WORK ORDER: Reproduce the listing below in full and without alteration, apart from its pictures.

DATASET EXTRACT:
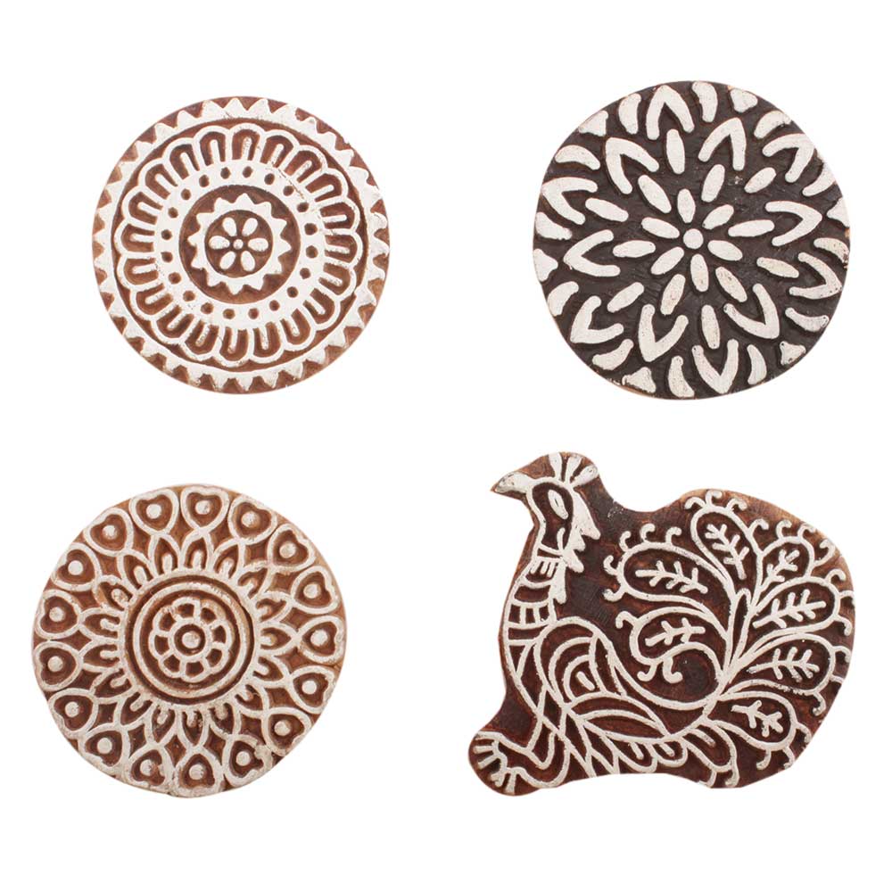 Set of 4 Piece New Mix Wooden Printing Block. Ideal for use on Fabric, Paper, Canvas, etc. These Blocks can be use to Print with Oil Colors, Fabric Colors, Water Colors, Acrylic Colors and Vegetable Colors.
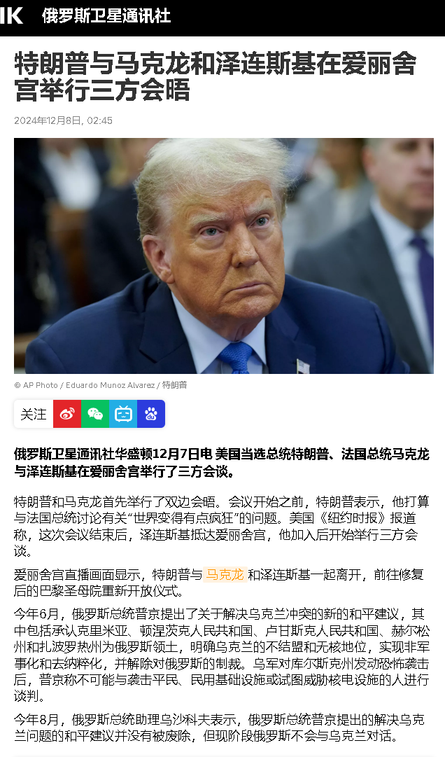 新华社巴黎12月7日电(记者乔本孝)法国总统马克龙7日在爱丽舍宫与受邀出席巴黎圣母院重新开放仪式的美国当选总统特朗普和乌克兰总统泽连斯基举行三方会晤。
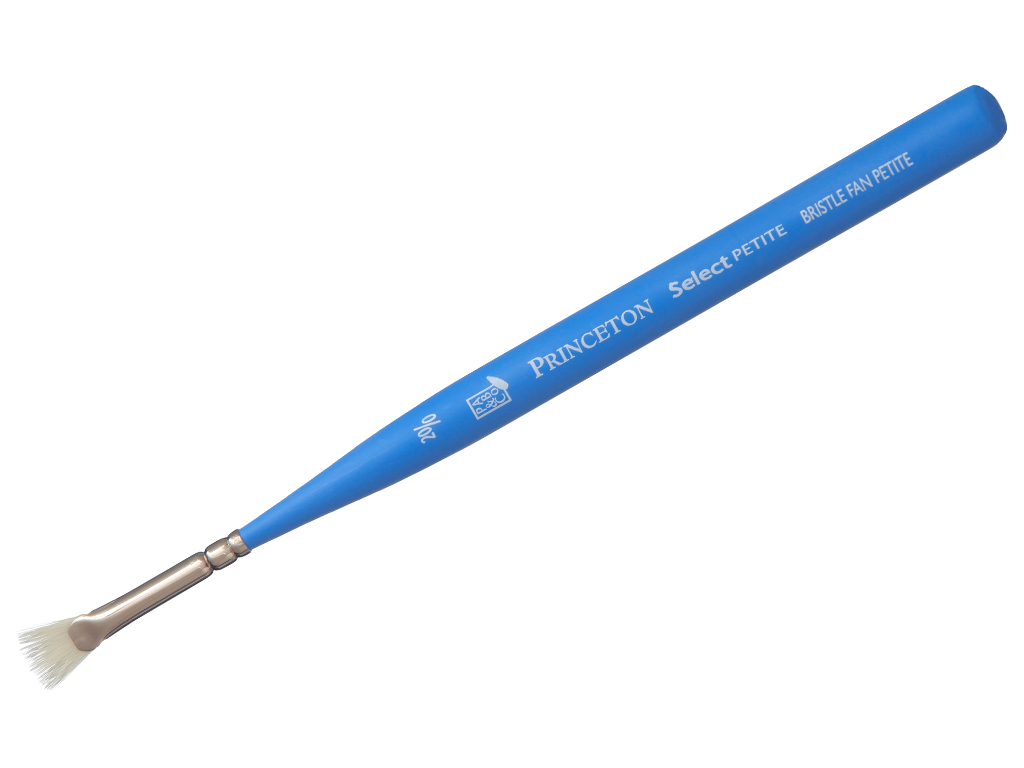 Princeton Select Petite Bristle Fan brushes are excellent for blending, softening edges, and creating natural textures like foliage, grass, or hair. Their spread-out bristles allow you to layer color subtly or build texture with controlled strokes.
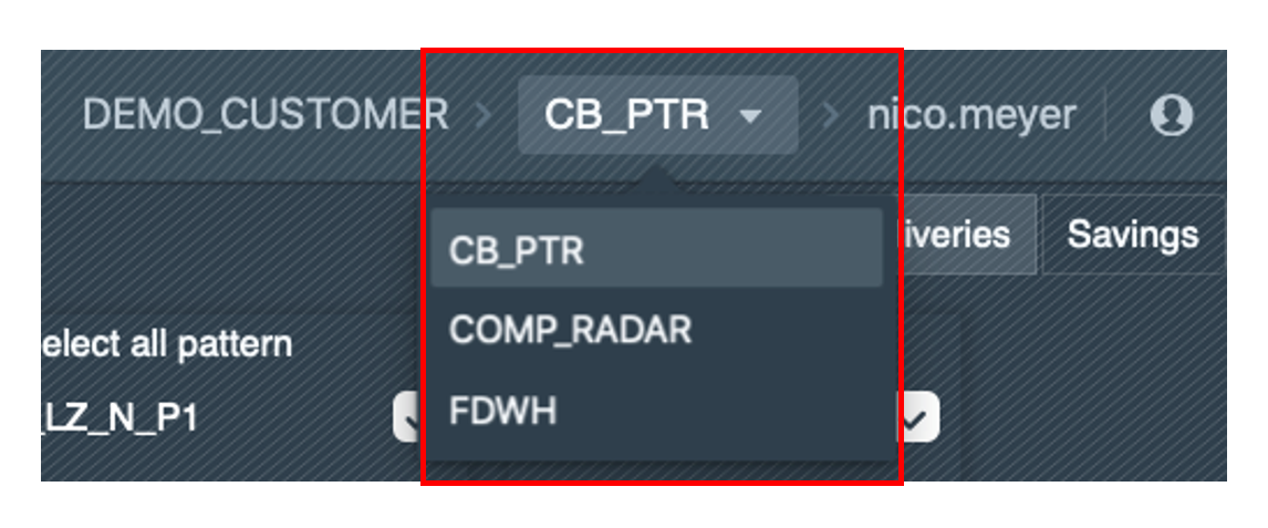 A dropdown in the menu bar can be used to switch between the various projects to which a user is assigned. It is possible for a client to create several projects into which different patterns are grouped.

EXERCISE RESPONSE:
 Set of 4 Piece New Mix Wooden Printing Block. Ideal for use on Fabric, Paper, Canvas, etc. These Blocks can be use to Print with Oil Colors, Fabric Colors, Water Colors, Acrylic Colors and Vegetable Colors.
 新华社巴黎12月7日电(记者乔本孝)法国总统马克龙7日在爱丽舍宫与受邀出席巴黎圣母院重新开放仪式的美国当选总统特朗普和乌克兰总统泽连斯基举行三方会晤。
 Princeton Select Petite Bristle Fan brushes are excellent for blending, softening edges, and creating natural textures like foliage, grass, or hair. Their spread-out bristles allow you to layer color subtly or build texture with controlled strokes.
 A dropdown in the menu bar can be used to switch between the various projects to which a user is assigned. It is possible for a client to create several projects into which different patterns are grouped.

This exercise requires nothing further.